To embed clinical trials, data in the UNRAVEL RDP can be used for trial feasibility, patient recruitment, but also for remote data monitoring, potentially reducing clinical trial costs and selection bias (pragmatic trials). Using the UNRAVEL RDP, it is possible to perform interventions and measure outcomes during routine health care, ranging from life-style interventions to logistical questions on how often a patient should be followed up. EHR can be an alternative to electronic case registration forms providing data is consistently collected in routine clinical care, including data on (adverse) events [20].

Structured EHR data such as encoded diagnosis and cardiac ultrasound are the easiest data sources to process, but advances in text mining have made it possible to also use unstructured clinical data, such as patient medical histories, discharge summaries and clinical notes [10, 14]. Using a text-retrieval algorithm, we have developed a tool to extract standardised data from clinical notes. This tool is, however, still under development and was implemented on clinical notes from the Department of Cardiology at the UMC Utrecht. Therefore, the tool should be used with caution and under the supervision of a medical expert in other centres.

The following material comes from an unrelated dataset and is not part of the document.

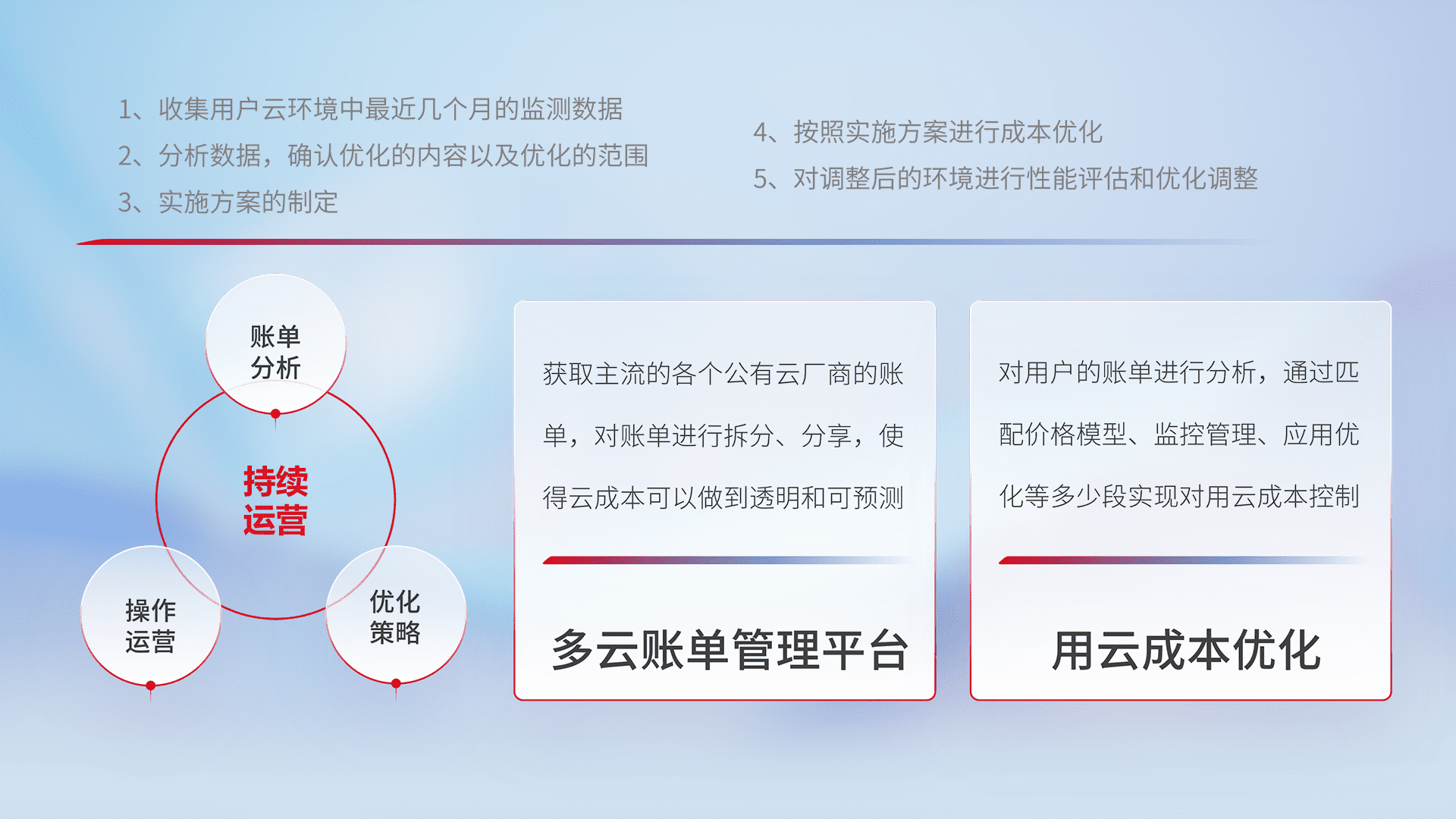 通过多云纳管,,,以统一的资源数据模型把客户的云资源进行抽象和封装,,,进而实现对多云资源的统一操作,,保障云资源管理的可靠性、、、稳定性与可用性。。。量身定制化运维内容,,,,配置、、开发运维、、、补丁管理、、备份、、、、监控、、、、认证和访问管理、、审计和日常巡检等,,,保障在用云过程中的可靠度,,,稳定度以及高可用率。。。

EHR data that are subjected to robust pre-processing and cleaning have been shown to offer a common scaffold upon which research questions can be built and linked to datasets, enabling new areas of research [9, 21]. With these “big” EHR data, however, great challenges and responsibilities arise: data governance, data access, public trust, definitions of disease and development of replicable scientific tools. Furthermore, these large datasets are prone to generating associations with great uncertainty regarding causality. Therefore, analysis of data and interpretation must be performed by a multidisciplinary team including medical experts, epidemiologists and data scientists. Only if the data are understood and carefully evaluated can new models explaining onset and progression of disease be developed [8].

In conclusion, the UNRAVEL RDP is an enriched data platform for CMPs that combines EHR data with a standardised blood biobank and text-mining tools. This integration of EHR data into the RDP allows novel analysis of the onset and progression of disease and can embed performance measures in clinical practice. Laboratory protocols, informed consent forms and algorithms are available on www.unravelrdp.nl. Protocols have been shared thus far with the University Medical Centre Groningen, Amsterdam University Medical Centre and Bergman Clinics, and we explicitly welcome national and international cooperation with the UNRAVEL team to harmonise protocols.